— Task instructions —
When you copy the material below, keep every line exact and omit the pictures.

— Supplied data —
• • • •
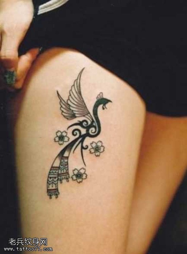 腿部高贵孔雀展翅纹身图案
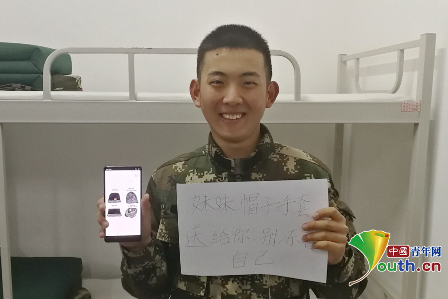 “俺們東北那旮瘩冬天特別冷,給妹妹買個防寒帽和棉手套,這樣上學就不會冷了?!蔽渚本┛傟爤?zhí)勤第二支隊供圖。
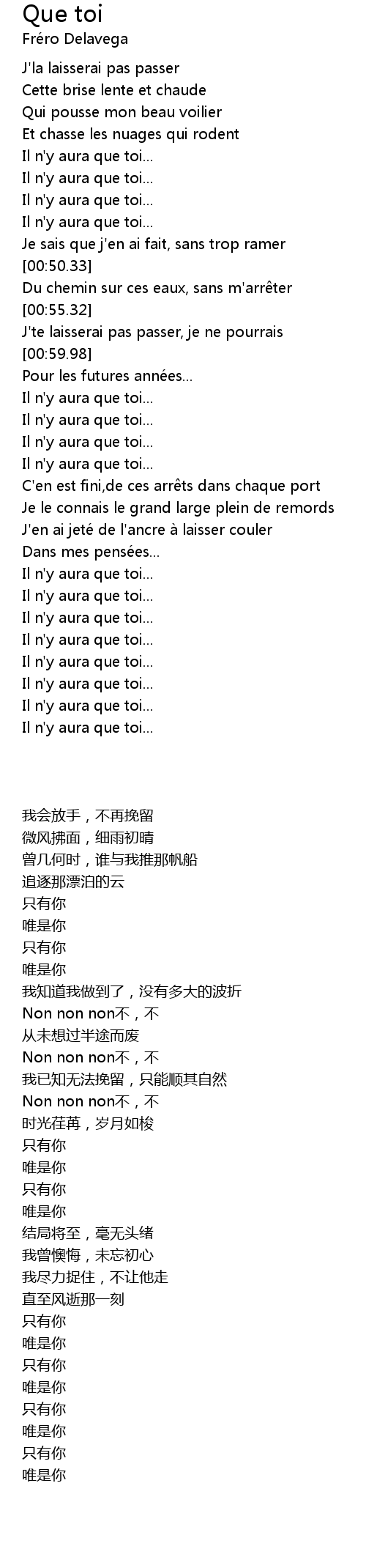 | [00:56.50] | J' te laisserai pas passer, je ne pourrais |
• • • •
— Exercise result —
 腿部高贵孔雀展翅纹身图案
 “俺們東北那旮瘩冬天特別冷,給妹妹買個防寒帽和棉手套,這樣上學就不會冷了?!蔽渚本┛傟爤?zhí)勤第二支隊供圖。
 | [00:56.50] | J' te laisserai pas passer, je ne pourrais |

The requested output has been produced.